Existe-t-il une quantité d'alcool sans danger ?
Pour réduire au maximum les risques pour sa santé, cesser totalement de boire reste le choix le mieux étayé par les données scientifiques. Les grandes organisations sanitaires internationales ne reconnaissent aucun seuil sans danger, et même une consommation modérée est associée dans les études à grande échelle à un risque de mortalité légèrement supérieur à celui d'une abstinence totale.
L'OMS, le Centre international de Recherche sur le Cancer (CIRC) et l'American Cancer Society classent l'alcool parmi les cancérogènes avérés les plus puissants.

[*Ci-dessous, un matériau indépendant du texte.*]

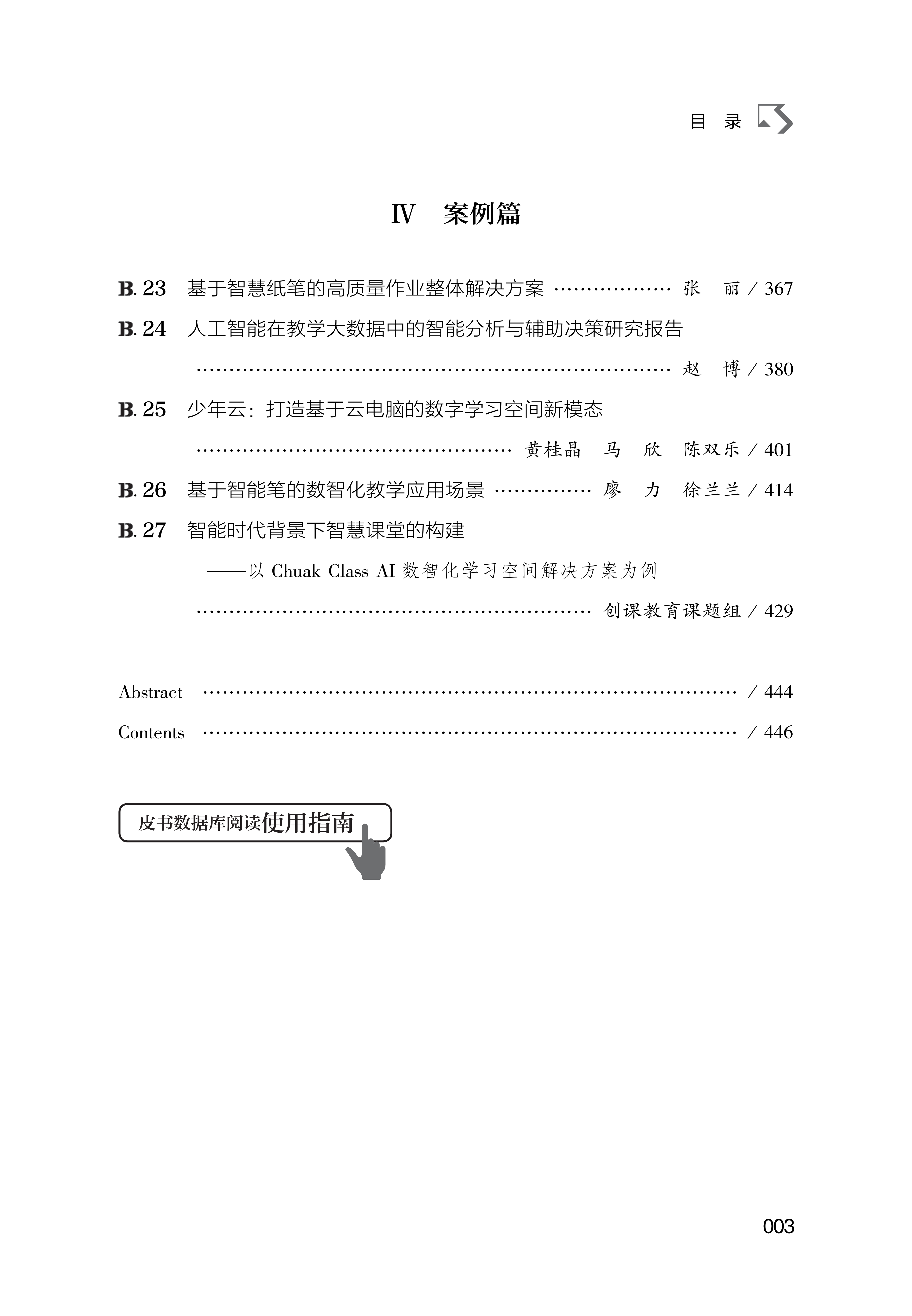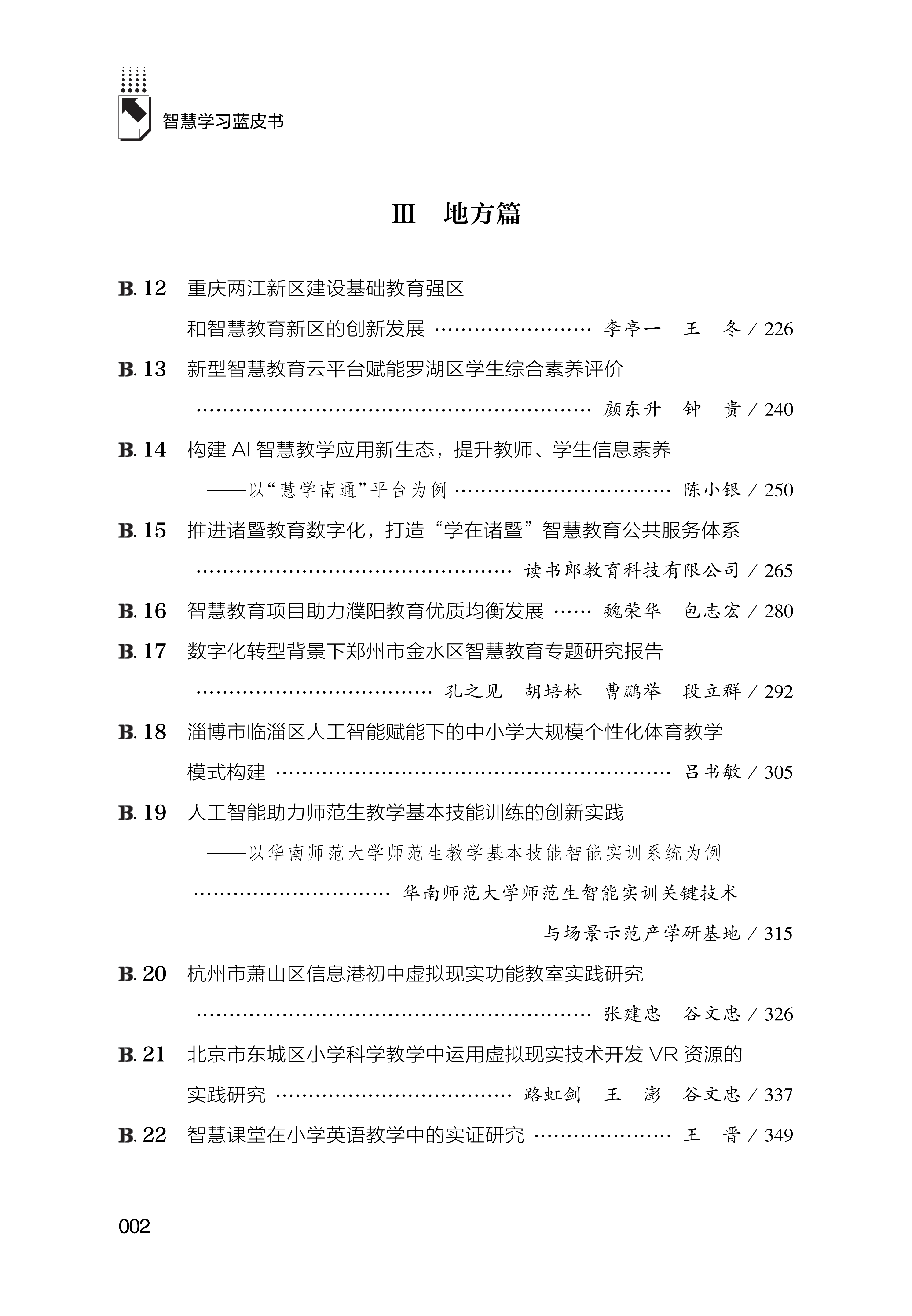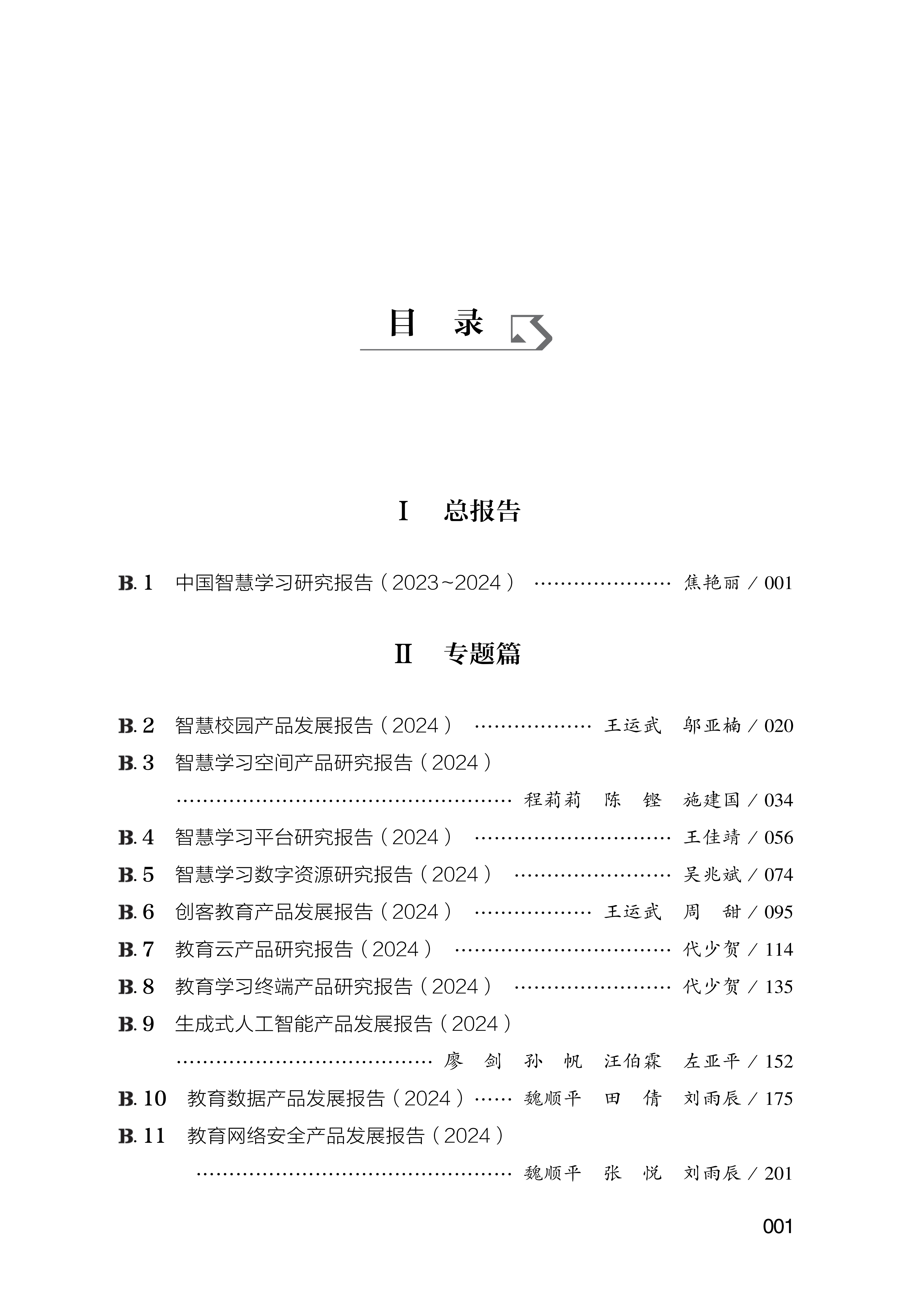 专题篇对智慧校园产品、智慧学习空间产品、智慧学习平台、智慧学习数字资源、创客教育产品、教育云产品、学习终端产品等与学生密切相关的智慧学习产品的特征、应用现状、市场规模做了总结分析。地方篇通过地方和学校使用智慧学习产品提升教育管理水平和治理能力分析,来反映数字技术对于教育数字化转型的现实意义。案例篇从产品供给端介绍了智慧学习产品的设计、服务和应用,体现了企业在响应教育政策、市场需求等方面做出的技术创新和服务升级。

Aucune quantité sûre n'a jamais été établie. Ce constat vaut pour tout le monde, et plus encore pour les femmes enceintes.1,2,3,4
L'idée qu'un verre par jour protège le cœur a longtemps prévalu. Des études plus anciennes semblaient montrer que les buveurs modérés avaient moins de maladies cardiovasculaires que les personnes abstinentes. Cette image est probablement fausse. Des ex-buveurs malades avaient été classés parmi les « jamais-buveurs », rendant ce groupe artificiellement moins en bonne santé qu'il ne l'était réellement. Les essais cliniques rigoureusement contrôlés pour trancher cette question font totalement défaut. Par ailleurs, chaque bénéfice cardiaque supposé se heurte à un risque accru, lui bien établi, de cancer, d'AVC et de troubles du rythme cardiaque aux mêmes doses.1,4
La grande étude norvégienne HUNT, menée auprès de près de 25 000 participants sur un suivi moyen de 16,6 ans, montre qu'augmenter sa consommation d'alcool sur dix ans est associé à un risque de décès significativement plus élevé. Même les personnes ayant été abstinentes toute leur vie avant de commencer à boire dans les limites officiellement recommandées présentaient déjà un risque de mortalité environ 20 % plus élevé que celles restées abstinentes en permanence. Boire de façon dite « responsable » n'est donc pas sans risque.5
Cette même étude indique qu'une bonne condition physique semble atténuer en partie les effets néfastes de l'alcool. La condition physique s'est même révélée un meilleur prédicteur de mortalité que la consommation d'alcool. Cela ne signifie pas que le sport rend l'alcool inoffensif : cela signifie seulement qu'une bonne condition est protectrice, que tu boives ou non.
Concernant le vin rouge, certains végétaux qu'il contient passeraient pour conférer une protection supplémentaire, notamment dans le cadre d'un régime méditerranéen. Des études démontrent bien des bénéfices liés à ce régime pris dans son ensemble, mais rien ne prouve que ces bénéfices proviennent de l'alcool ou du vin lui-même. Sur le plan du risque de cancer, le vin rouge ne fait pas exception.4,1 Pour les femmes enceintes, la limite est absolue : aucune quantité ni aucun moment de la grossesse n'est sans danger. L'alcool atteint le fœtus par le placenta et représente l'une des causes les plus évitables de retard de développement et de malformations congénitales.6,7
Ces conclusions reposent sur de grandes études de cohorte menées chez l'humain, dont la cohorte norvégienne HUNT avec environ 25 000 participants, sur les positions officielles de l'OMS, du CIRC et de l'American Cancer Society, ainsi que sur une revue de référence datant de 1984. Les essais cliniques mesurant directement l'effet de l'alcool sur la mortalité et le cancer sont quasi inexistants. Les études de cohorte présentent des limites connues : isoler l'effet de l'alcool des autres facteurs de mode de vie est difficile, et les études plus anciennes classaient à tort des ex-buveurs malades parmi les non-buveurs, biaisant les comparaisons.